## The problem:
This exercise requires an exact output of the listing, images omitted.

## Provided data:
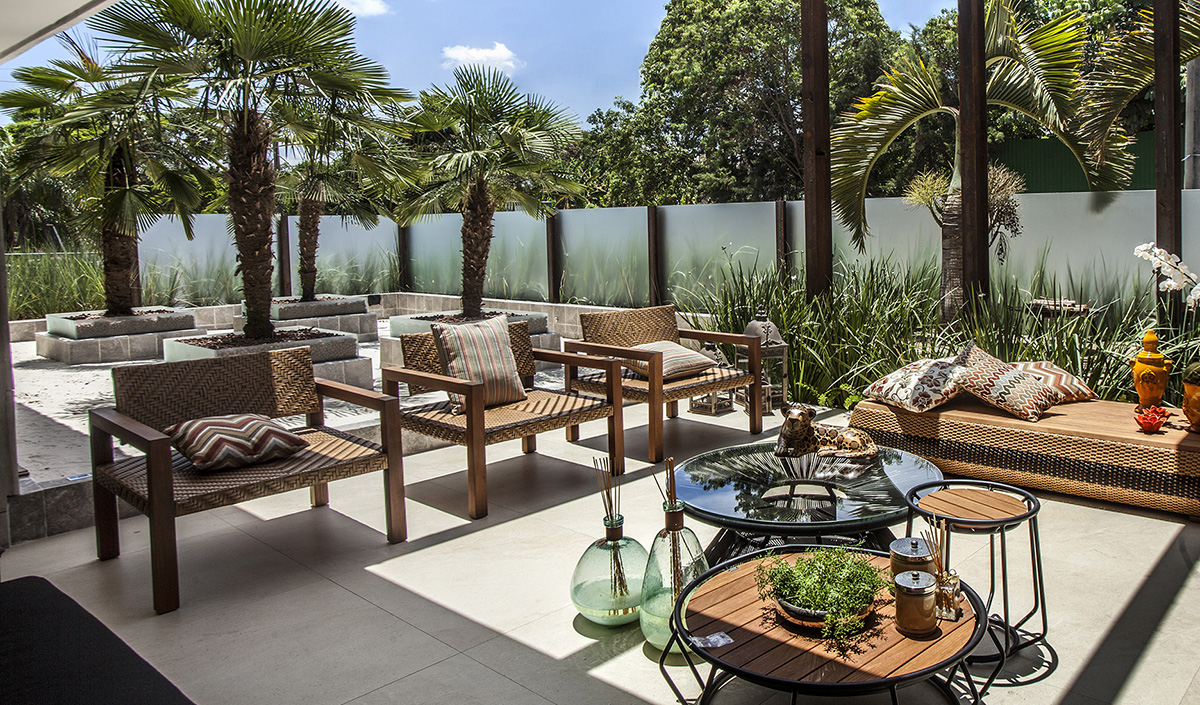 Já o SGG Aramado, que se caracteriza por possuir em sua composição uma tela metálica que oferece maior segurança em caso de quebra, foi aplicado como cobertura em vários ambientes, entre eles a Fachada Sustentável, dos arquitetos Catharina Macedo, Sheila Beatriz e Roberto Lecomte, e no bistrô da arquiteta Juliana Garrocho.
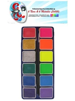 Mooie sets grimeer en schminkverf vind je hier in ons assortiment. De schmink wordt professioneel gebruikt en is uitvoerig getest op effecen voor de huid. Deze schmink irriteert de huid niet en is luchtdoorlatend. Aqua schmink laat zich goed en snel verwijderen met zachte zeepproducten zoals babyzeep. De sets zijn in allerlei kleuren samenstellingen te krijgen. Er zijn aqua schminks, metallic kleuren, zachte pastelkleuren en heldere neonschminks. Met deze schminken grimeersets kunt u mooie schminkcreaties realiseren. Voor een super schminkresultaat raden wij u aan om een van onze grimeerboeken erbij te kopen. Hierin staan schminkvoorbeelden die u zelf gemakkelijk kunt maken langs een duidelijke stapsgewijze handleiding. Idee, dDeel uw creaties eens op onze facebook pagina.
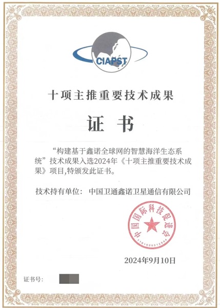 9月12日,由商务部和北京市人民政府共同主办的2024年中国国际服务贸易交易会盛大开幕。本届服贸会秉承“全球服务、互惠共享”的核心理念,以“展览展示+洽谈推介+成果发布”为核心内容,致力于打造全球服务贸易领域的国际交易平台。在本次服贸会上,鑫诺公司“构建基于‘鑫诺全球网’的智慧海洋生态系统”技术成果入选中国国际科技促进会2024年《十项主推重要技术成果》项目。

## Answer area:
 Já o SGG Aramado, que se caracteriza por possuir em sua composição uma tela metálica que oferece maior segurança em caso de quebra, foi aplicado como cobertura em vários ambientes, entre eles a Fachada Sustentável, dos arquitetos Catharina Macedo, Sheila Beatriz e Roberto Lecomte, e no bistrô da arquiteta Juliana Garrocho.
 Mooie sets grimeer en schminkverf vind je hier in ons assortiment. De schmink wordt professioneel gebruikt en is uitvoerig getest op effecen voor de huid. Deze schmink irriteert de huid niet en is luchtdoorlatend. Aqua schmink laat zich goed en snel verwijderen met zachte zeepproducten zoals babyzeep. De sets zijn in allerlei kleuren samenstellingen te krijgen. Er zijn aqua schminks, metallic kleuren, zachte pastelkleuren en heldere neonschminks. Met deze schminken grimeersets kunt u mooie schminkcreaties realiseren. Voor een super schminkresultaat raden wij u aan om een van onze grimeerboeken erbij te kopen. Hierin staan schminkvoorbeelden die u zelf gemakkelijk kunt maken langs een duidelijke stapsgewijze handleiding. Idee, dDeel uw creaties eens op onze facebook pagina.
 9月12日,由商务部和北京市人民政府共同主办的2024年中国国际服务贸易交易会盛大开幕。本届服贸会秉承“全球服务、互惠共享”的核心理念,以“展览展示+洽谈推介+成果发布”为核心内容,致力于打造全球服务贸易领域的国际交易平台。在本次服贸会上,鑫诺公司“构建基于‘鑫诺全球网’的智慧海洋生态系统”技术成果入选中国国际科技促进会2024年《十项主推重要技术成果》项目。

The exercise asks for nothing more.